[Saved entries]
━━━━━━━━━━━━━━━━━━━━
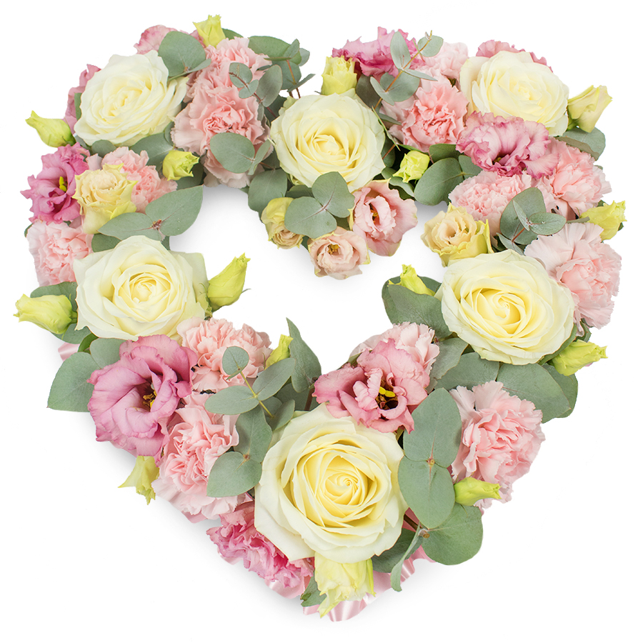 Express your deepest emotions with our exquisite open heart floral arrangement. Featuring a harmonious blend of white roses, pink carnations, pink lisianthus, and eucalyptus foliage, this bouquet is a true symbol of love and remembrance.
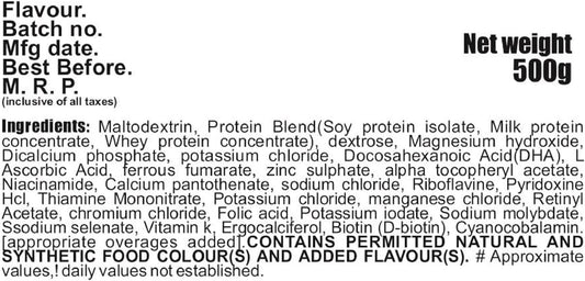Kids Protein Powder Blend (Whey, Soy, Milk) for Growth & Development, Ages 2-12 & Teens, 500g Strawberry Flavor
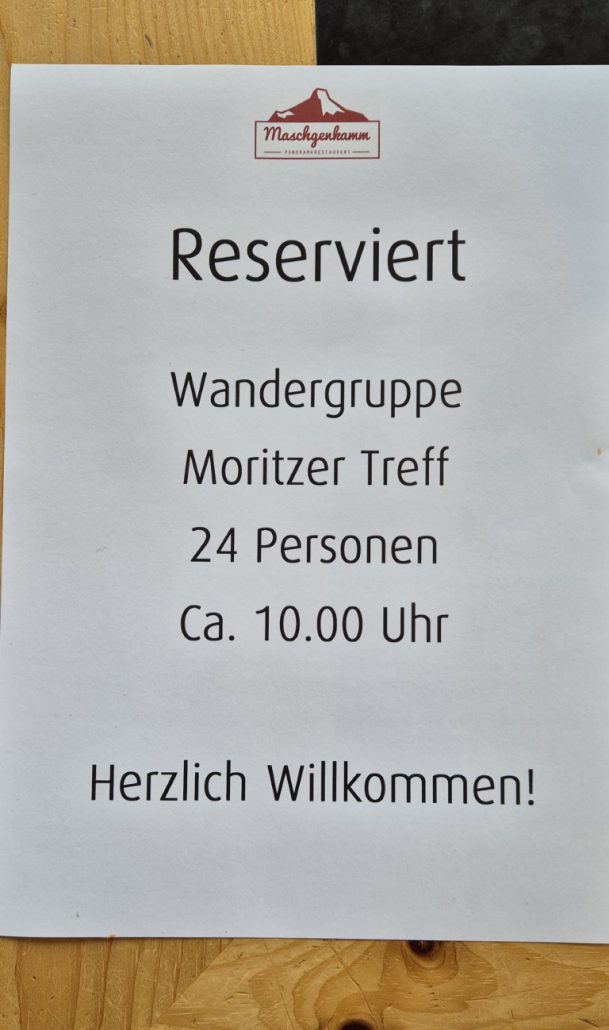 Eine negative Überraschung erleben die 21 Wanderfreudigen welche sich in Berikon-Widen treffen und die vier welche sich im Hofacker und in Zürich HB dazugesellen gleich frühmorgens: „Die Gondelbahn vom Tannenboden zum Maschgenkamm gehört nicht zum GA-Bereich.“ Also gibt es dafür kein Gruppenbillett. Folglich wird die Sache teurer als angekündigt und umständlicher erst auch noch. Weil sich die Kasse im Nebengebäude der Talstation befindet und die brave Frau dahinter alle Halbtaxabos und GAs sehen will, machen wir eine Ehrenrunde von der Einstiegsplattform zum Schalter und zurück. Dafür hat jetzt jede und jeder zwei gültige Gondelbahntickets, die man dann bei der Talfahrt nach Unterterzen verwechseln kann und dann dreht sich die Schranke einfach nicht! Komisch, warum nicht?! Bei wem? Darüber schweigt des Sängers Höflichkeit.
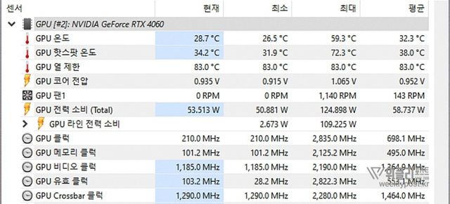 또한, RTX 4060 EX WHITE OC는 115W의 낮은 전력 소모량과 8핀 보조 전원 슬롯 하나만으로도 충분히 구동된다. 이는 고용량 전원공급장치가 필요하지 않으면서도 최신 AAA 타이틀과 e스포츠 게임에서 충분한 성능을 발휘할 수 있다.
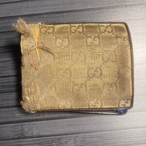 Gucci bifold wallet in signature GG canvas with leather trim. Classic and functional design, ideal for everyday use.
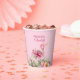 Un joli flamant rose exotique avec des fleurs rose et jaune exotique et des feuilles sur arrière - plan rose clair. monogramme facultatif
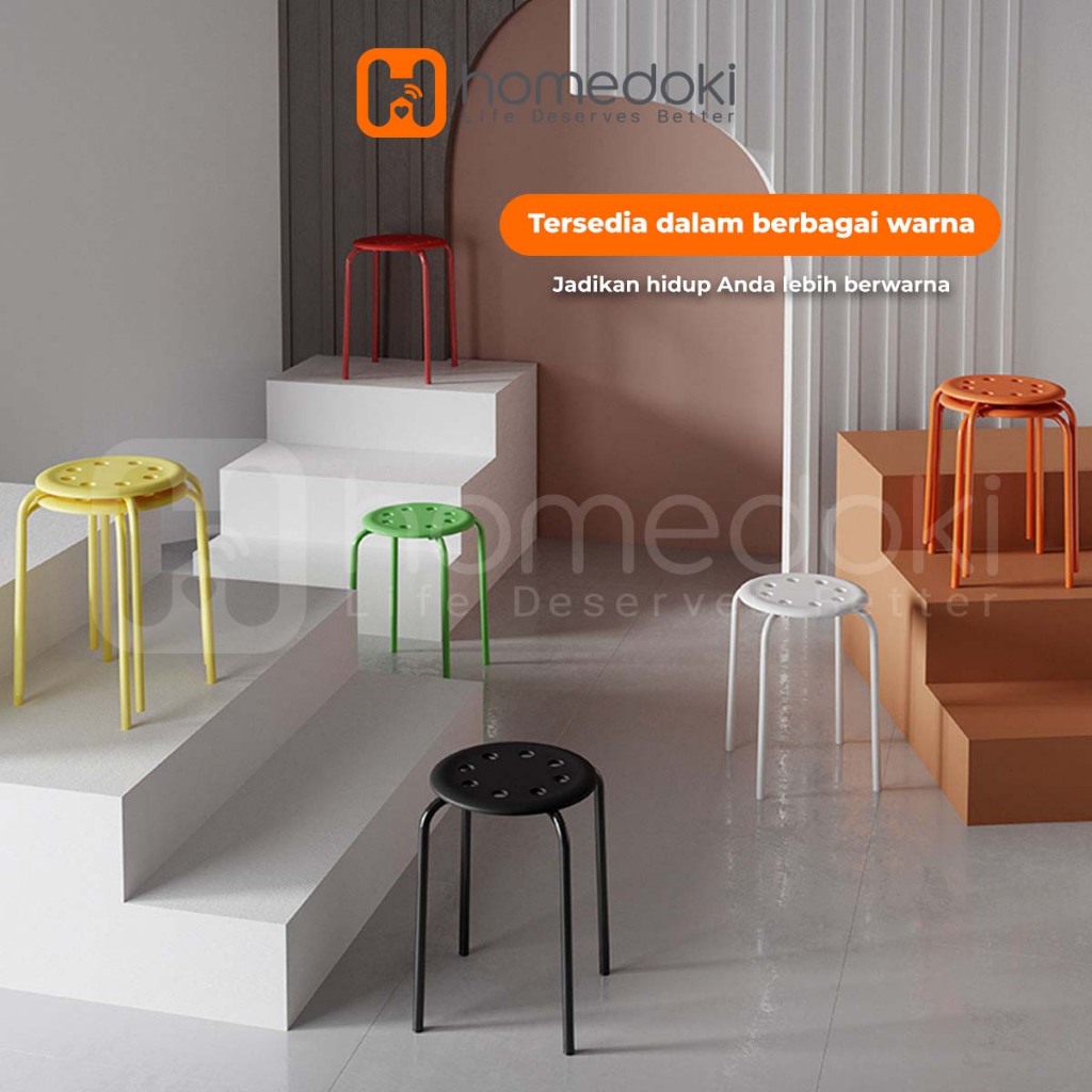 Homedoki Bangku Bakso/Bangku Makan/Bangku Cafe/Bangku Besi Kecil / Kursi Murah / Kursi Dapat Ditumpuk
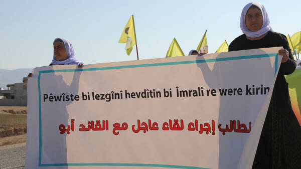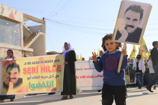 leader Abdullah Öcalan. The women, including Arab women, gathered near Seytera Sinunê to march to
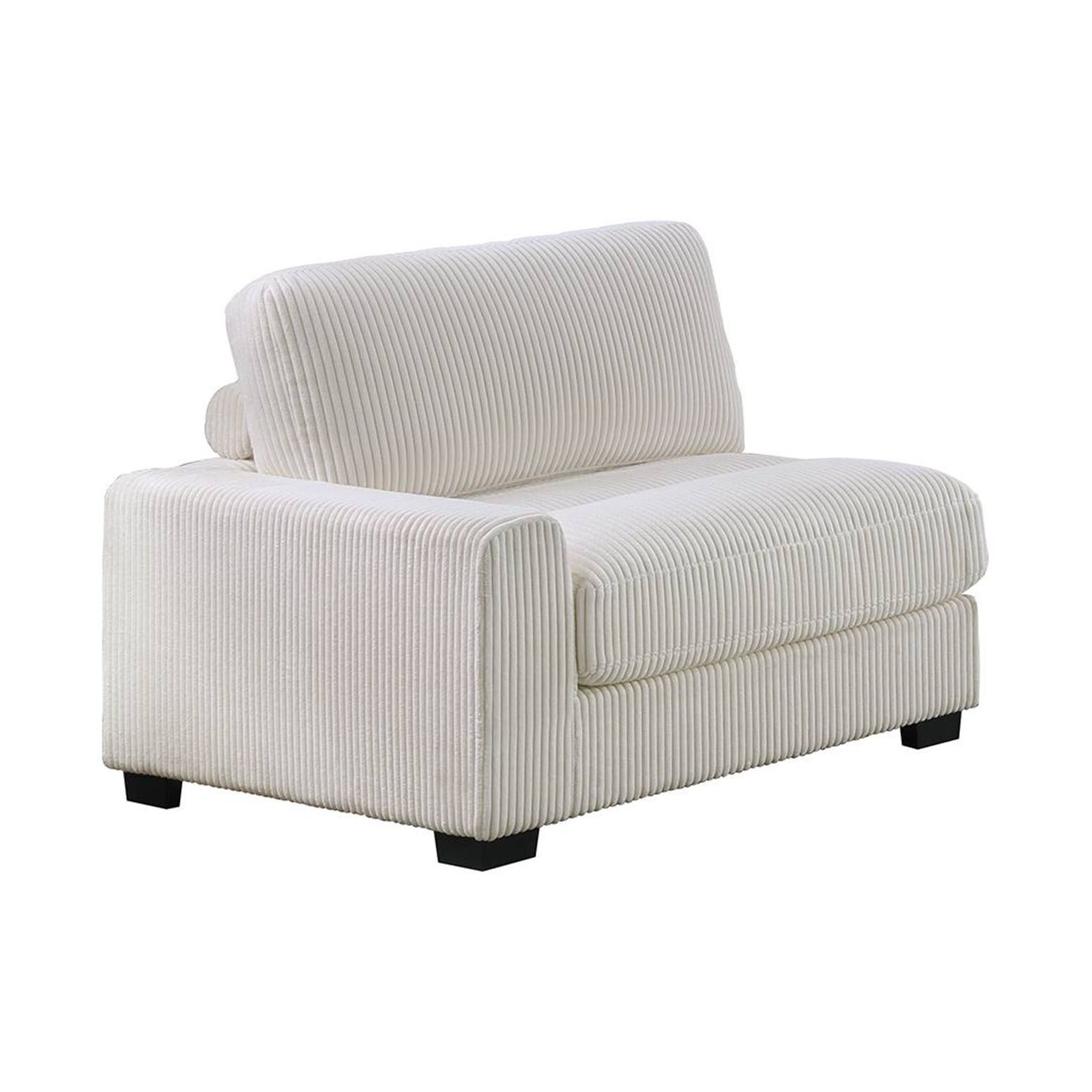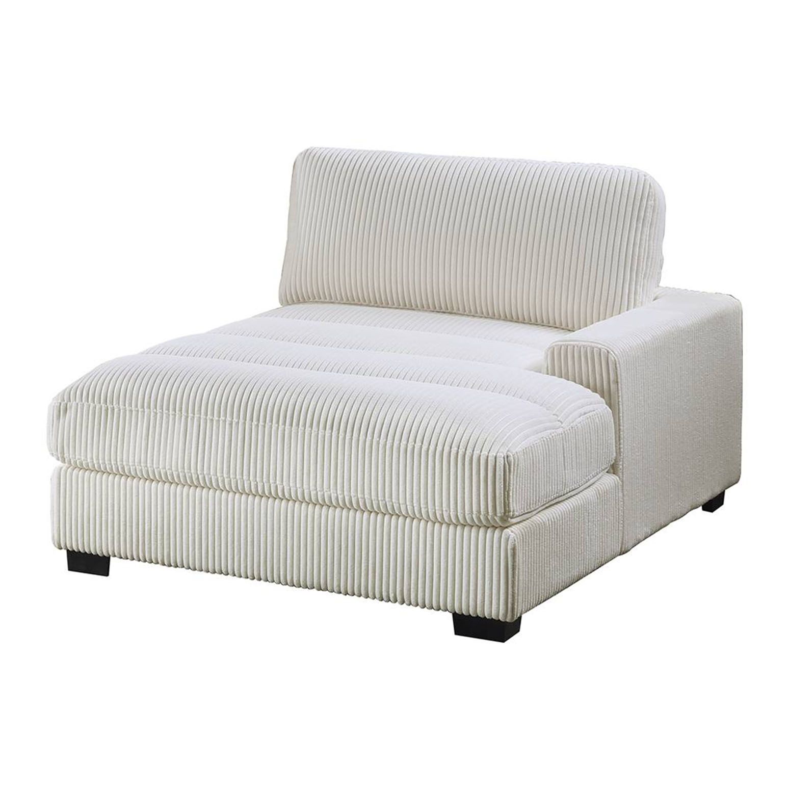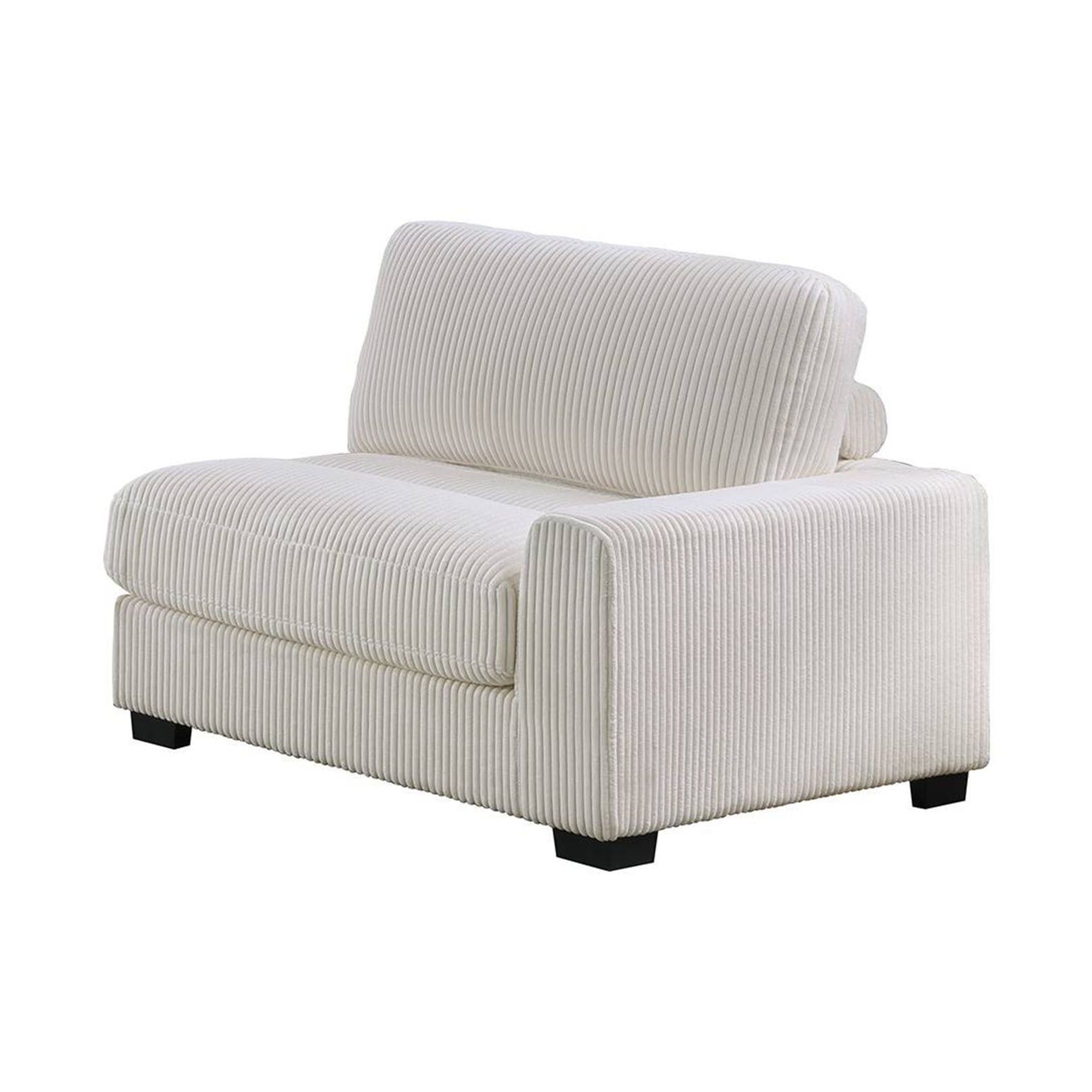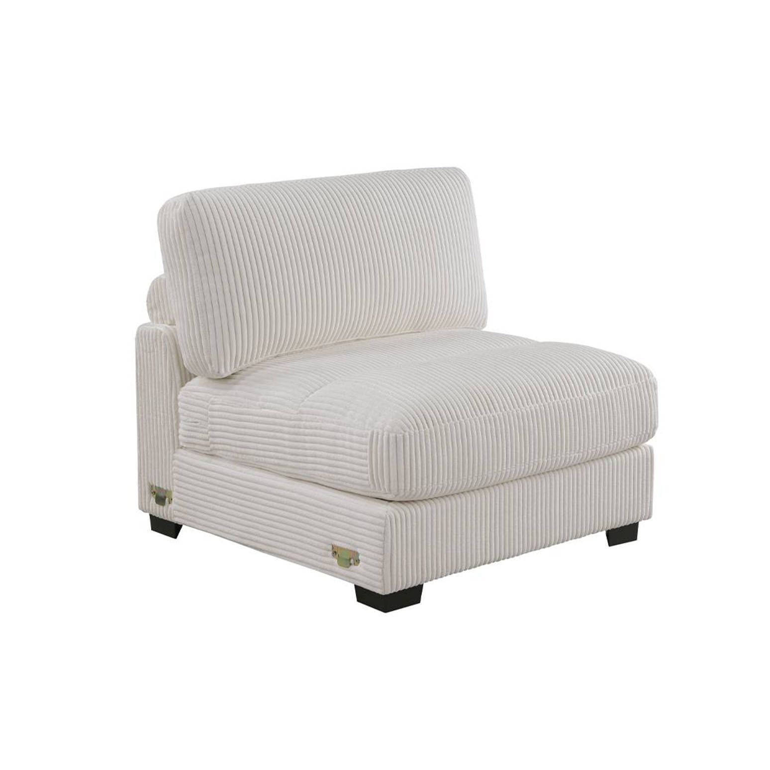 An attentively designed living space deserves a seating arrangement to match. With the flexibility of separate pieces, you can create almost any shape, letting you design your furniture to suit your living room needs. This compact modular sectional stands in low legs that are just barely visible giving it its modern look. It’s wrapped in super soft corduroy in a warm neutral hue that makes it even more inviting to family and friends.
━━━━━━━━━━━━━━━━━━━━
■ **Your objective**
With the images excluded, all entries are to be given again exactly.

■ **The completed task**
 Express your deepest emotions with our exquisite open heart floral arrangement. Featuring a harmonious blend of white roses, pink carnations, pink lisianthus, and eucalyptus foliage, this bouquet is a true symbol of love and remembrance.
Kids Protein Powder Blend (Whey, Soy, Milk) for Growth & Development, Ages 2-12 & Teens, 500g Strawberry Flavor
 Eine negative Überraschung erleben die 21 Wanderfreudigen welche sich in Berikon-Widen treffen und die vier welche sich im Hofacker und in Zürich HB dazugesellen gleich frühmorgens: „Die Gondelbahn vom Tannenboden zum Maschgenkamm gehört nicht zum GA-Bereich.“ Also gibt es dafür kein Gruppenbillett. Folglich wird die Sache teurer als angekündigt und umständlicher erst auch noch. Weil sich die Kasse im Nebengebäude der Talstation befindet und die brave Frau dahinter alle Halbtaxabos und GAs sehen will, machen wir eine Ehrenrunde von der Einstiegsplattform zum Schalter und zurück. Dafür hat jetzt jede und jeder zwei gültige Gondelbahntickets, die man dann bei der Talfahrt nach Unterterzen verwechseln kann und dann dreht sich die Schranke einfach nicht! Komisch, warum nicht?! Bei wem? Darüber schweigt des Sängers Höflichkeit.
 또한, RTX 4060 EX WHITE OC는 115W의 낮은 전력 소모량과 8핀 보조 전원 슬롯 하나만으로도 충분히 구동된다. 이는 고용량 전원공급장치가 필요하지 않으면서도 최신 AAA 타이틀과 e스포츠 게임에서 충분한 성능을 발휘할 수 있다.
 Gucci bifold wallet in signature GG canvas with leather trim. Classic and functional design, ideal for everyday use.
 Un joli flamant rose exotique avec des fleurs rose et jaune exotique et des feuilles sur arrière - plan rose clair. monogramme facultatif
 Homedoki Bangku Bakso/Bangku Makan/Bangku Cafe/Bangku Besi Kecil / Kursi Murah / Kursi Dapat Ditumpuk
 leader Abdullah Öcalan. The women, including Arab women, gathered near Seytera Sinunê to march to
 An attentively designed living space deserves a seating arrangement to match. With the flexibility of separate pieces, you can create almost any shape, letting you design your furniture to suit your living room needs. This compact modular sectional stands in low legs that are just barely visible giving it its modern look. It’s wrapped in super soft corduroy in a warm neutral hue that makes it even more inviting to family and friends.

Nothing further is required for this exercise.